Certains cheptels ont en effet pu régler les problèmes de diarrhées néonatales en adaptant l’alimentation du troupeau. Ceci permet un colostrum de meilleure qualité et donc une meilleure transmission d’immunité aux nourrissons.

De même, certaines pathologies respiratoires peuvent être réglées par :

  • une meilleure conception des bâtiments,
  • un aménagement pour améliorer le renouvellement et la qualité de l’air (sur ce point, ne pas hésiter à faire appel à un conseiller bâtiment).

 

Vaccination

Lorsque l’amélioration des facteurs de risque sur le logement ou l’alimentation des animaux ne donne pas les effets espérés ou n’est pas possible (bâtiment mal conçu sans possibilité d’aménagement par exemple), la vaccination peut s’avérer utile contre des pathologies comme :

  • les maladies respiratoires,
  • les diarrhées à rota/coronavirus,
  • la cryptosporidiose.

Il est important de noter que pour qu’une vaccination soit pleinement efficace, la conduite des animaux, notamment sur le plan alimentaire, doit être adaptée.
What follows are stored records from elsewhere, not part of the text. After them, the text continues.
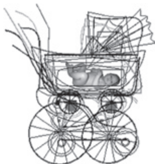
Рис. 4. Эволюция формы коляски
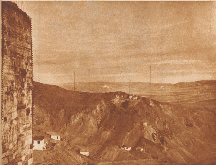
Blick von der uralten Burg von Ankara auf die neue Radiosendestation. Kemal Pascha, in richtiger Erkenntnis der mächtigen Bedeutung, die dem Radio zur Erziehung eines zum großen Teil noch analphabetischen Volkes zu modernen Menschen zukommt, hat nicht unterlassen, in der Nähe der Landeshauptstadt einen sehr leistungsfähigen Sender zu errichten, der das ganze Land mit Nachrichten versorgt.
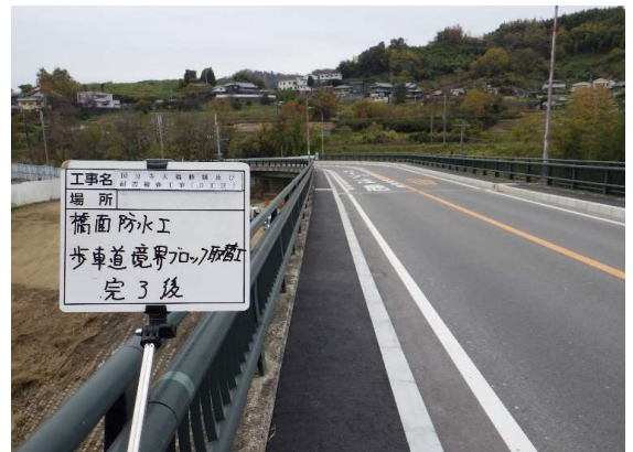
橋面防水(歩道部)施工後
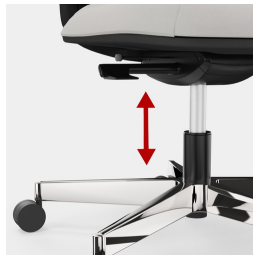
Cadre robuste en porte-à-faux

Les déficits constatés régulièrement sur la teneur des rations en protéines nuisent à la fabrication des anticorps (qui sont des protéines) nécessaires à la mise en place de l’immunité.

 

Éviter que des pathogènes ne persistent dans l’environnement

Ce volet concerne plus particulièrement :

  • L’aménagement et la stabilisation des points d’eau ;
  • La réalisation, si nécessaire, d’une désinfection des bâtiments et d’un vide sanitaire ;
  • La bonne gestion des effluents d’élevage :
    • éviter les ruissellements,
    • l’accès d’animaux,
    • effet bénéfique du compostage, etc.